Data extract —
---
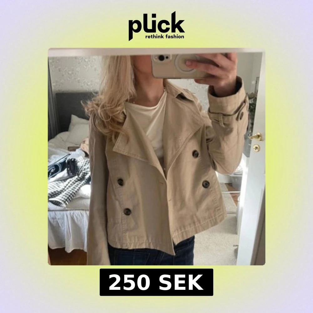Säljer en beige croppad trenchcoat med dubbelknäppning och stora slag. Jackan har långa ärmar och snygga detaljer vid ärmsluten. Är köpt från sellpy för 350kr
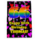 Ce modèle de sac cadeau d'anniversaire amusant et joyeux comporte un grand nombre de "66" avec un motif inspiré par un gradient de spectre arc-en-ciel, ainsi que le message "Joyeux 66e anniversaire", et un nom personnalisable. L'arrière - plan présente un motif de formes cardiaques rouges, violettes et roses de différentes tailles. Un cadeau d’anniversaire à thème comme celui-ci peut être utilisé pour donner un cadeau ou un cadeau pour célébrer le soixante-sixième anniversaire de quelqu’un. [~Z0000551]
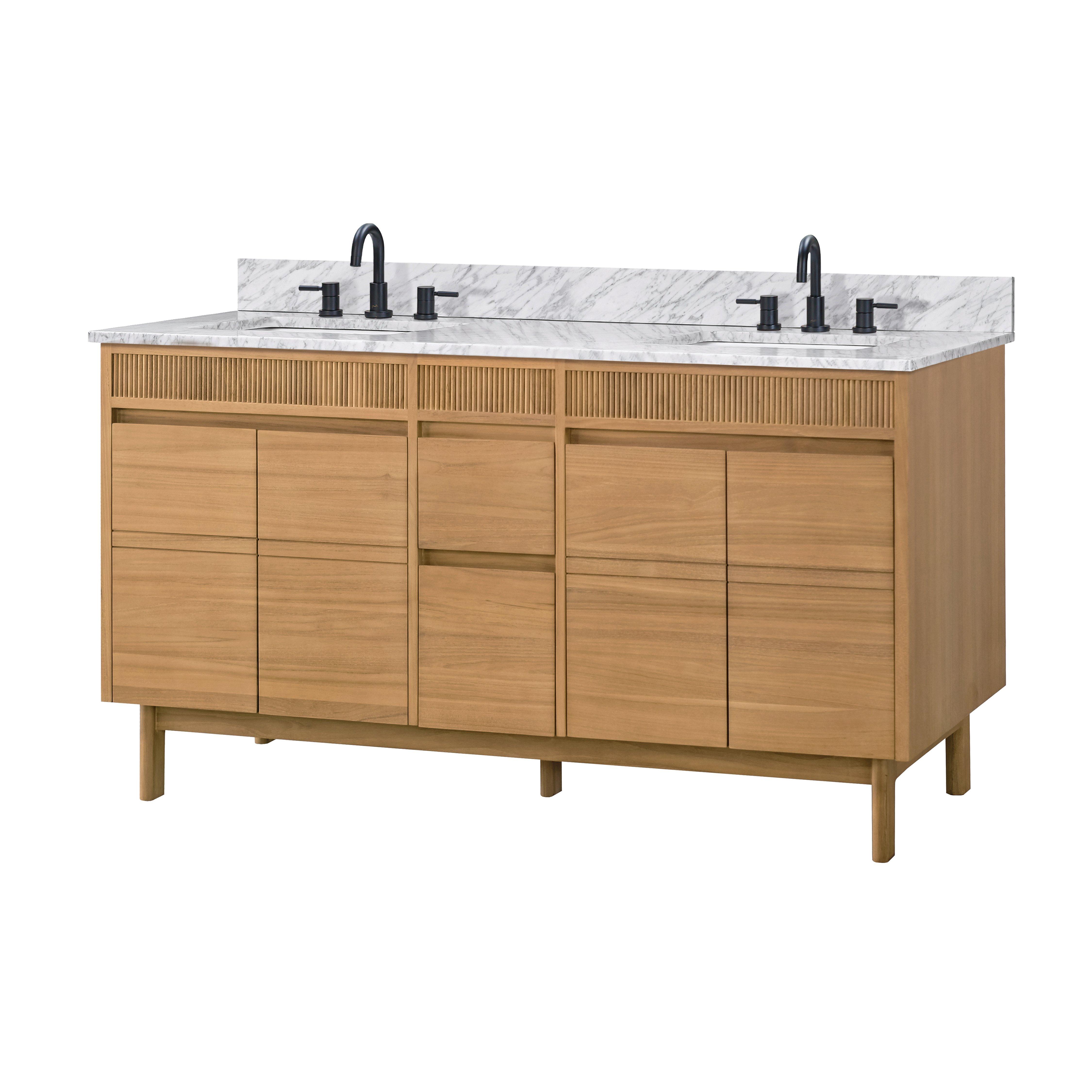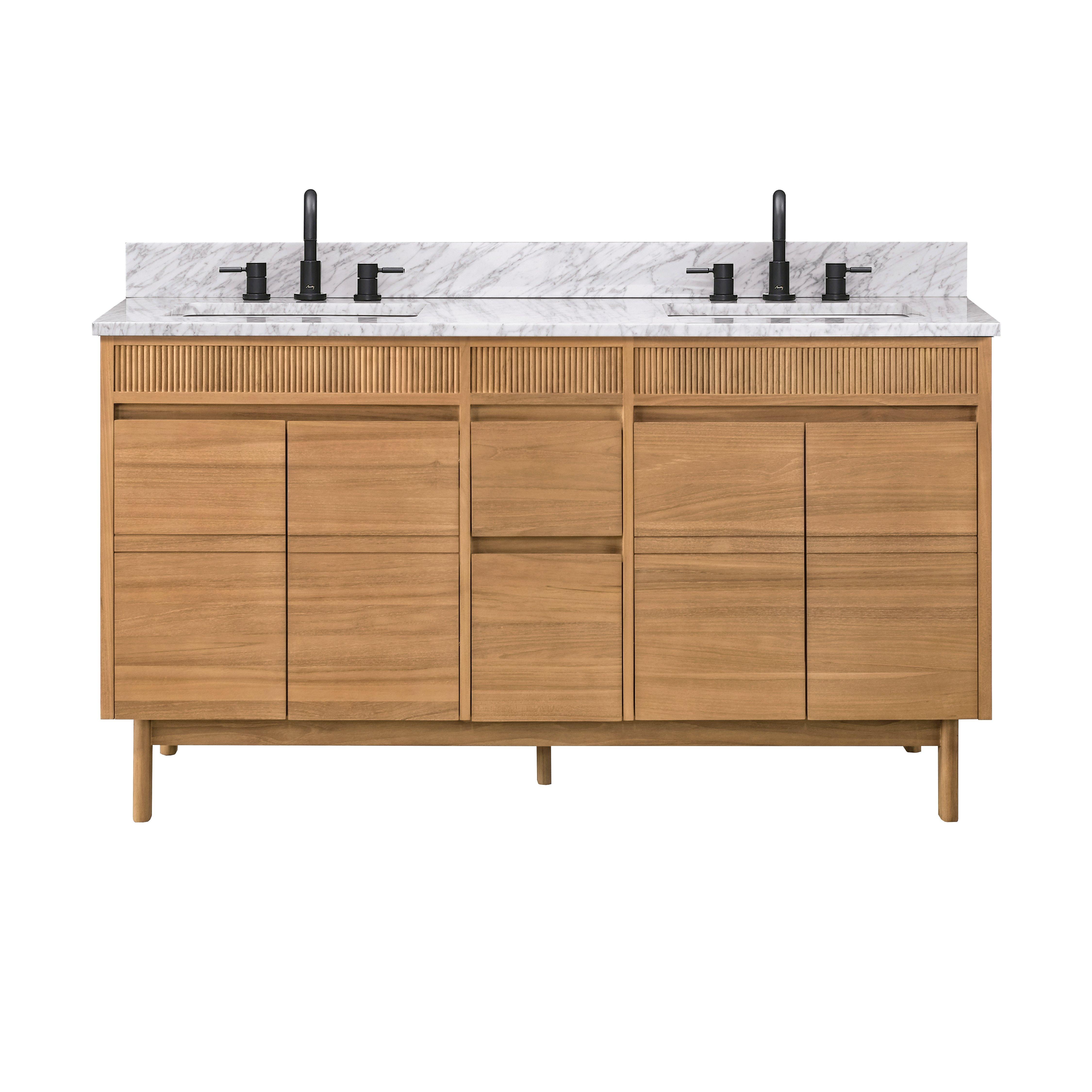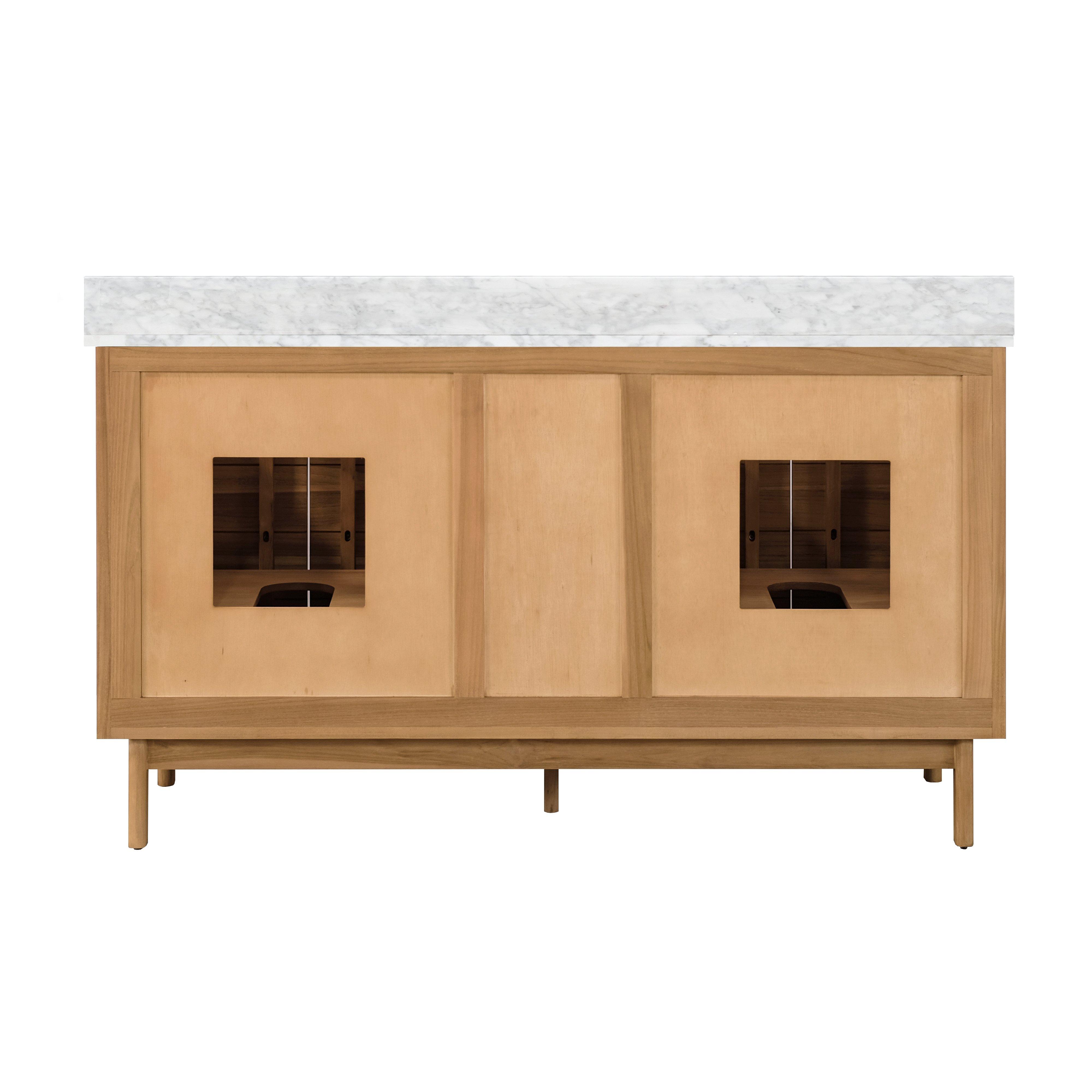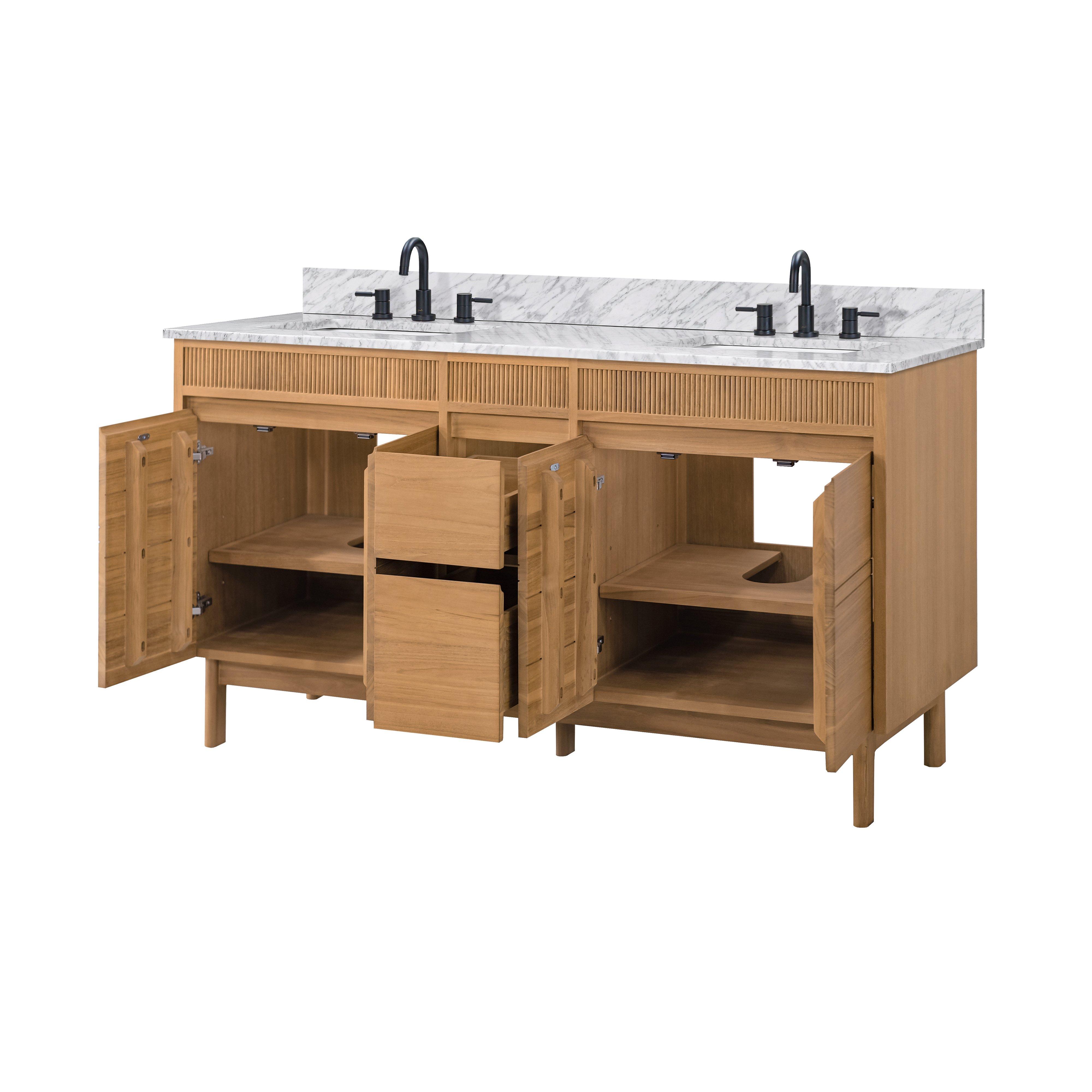 Tailor the look of your bathroom with the Kallan 61 in. Natural Vanity with Carrara Top featuring gorgeous solid wood, mdf in natural with 4 doors, 2 drawers, and 2 shelves. This piece is completed with beautiful n/a n/a hardware and a double undermount white sink. The Kallan 61 in. Natural Vanity with Carrara Top is a stunning addition to any bathroom setting.
---
What needs to be done — Return the whole listing exactly, minus its pictures.

Answer space —
Säljer en beige croppad trenchcoat med dubbelknäppning och stora slag. Jackan har långa ärmar och snygga detaljer vid ärmsluten. Är köpt från sellpy för 350kr
 Ce modèle de sac cadeau d'anniversaire amusant et joyeux comporte un grand nombre de "66" avec un motif inspiré par un gradient de spectre arc-en-ciel, ainsi que le message "Joyeux 66e anniversaire", et un nom personnalisable. L'arrière - plan présente un motif de formes cardiaques rouges, violettes et roses de différentes tailles. Un cadeau d’anniversaire à thème comme celui-ci peut être utilisé pour donner un cadeau ou un cadeau pour célébrer le soixante-sixième anniversaire de quelqu’un. [~Z0000551]
 Tailor the look of your bathroom with the Kallan 61 in. Natural Vanity with Carrara Top featuring gorgeous solid wood, mdf in natural with 4 doors, 2 drawers, and 2 shelves. This piece is completed with beautiful n/a n/a hardware and a double undermount white sink. The Kallan 61 in. Natural Vanity with Carrara Top is a stunning addition to any bathroom setting.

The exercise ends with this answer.